To validate the screening results, we generated multiple PIK3R1 knockout (KO) clones in 2 different NOTCH1-driven T-ALL cell lines (DND-41 and RPMI-8402) using the top 2 enriched sgRNAs from the screen and stable knockdown (KD) clones in the NOTCH3-driven cell line TALL-1 (supplemental Figure 2A-C), because TALL-1 cells were refractory to single-cell CRISPR targeting. Loss of PIK3R1 in several T-ALL cell lines led to no or only a mild growth advantage compared with nontargeting (NT) control sgRNA clones or scrambled (scr) short hairpin RNA controls. In contrast, cell growth of all GSI- or CB-103–treated PIK3R1 KO or KD clones was significantly enhanced compared with that of NT or scr controls (Figure 2A; supplemental Figure 2D). We observed a significant decrease in the percentage of cells in S phase in NT or scr T-ALL clones when treated with GSI, confirming that GSI induces cell cycle arrest in T-ALL cells.⁷ However, this effect was alleviated in all PIK3R1 KO and KD cell lines under the same treatment conditions (Figure 2B; supplemental Figure 2E).
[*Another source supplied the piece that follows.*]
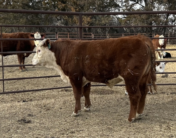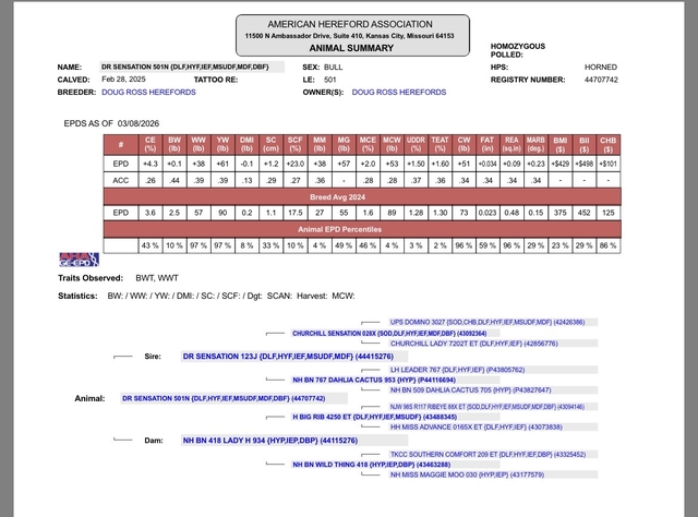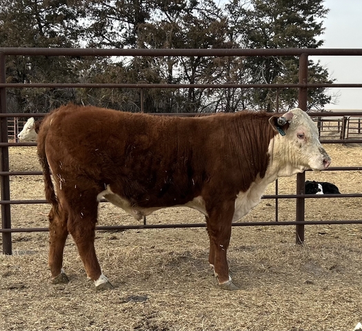 Yearling Horned Hereford Bull by son of Sensation 28x. Excellent maternal EPD's Top 5% of the breed for milk, mature cow weight, teat and udder. Weaned at 605lbs and has a yearling weight of 1055. Red necked. 100% pigment left eye, 70% right eye.

Interestingly, we also observed a cell cycle arrest in RPMI-8402 and TALL-1 control lines treated with CB-103, and the effect was significantly decreased when PIK3R1 was lost (Figure 2C; supplemental Figure 2F). Previously, we showed that CB-103 induces apoptosis in T-ALL cells.⁹ Consistently, CB-103 treatment for 3 days induced substantial apoptosis in all 3 control cell lines. However, the loss of PIK3R1 ablated this effect (Figure 2D; supplemental Figure 2G). Altogether, these results suggest that the loss of PIK3R1 confers resistance of T-ALL cells to Notch inhibition, protecting them from drug-induced apoptosis and cell cycle arrest.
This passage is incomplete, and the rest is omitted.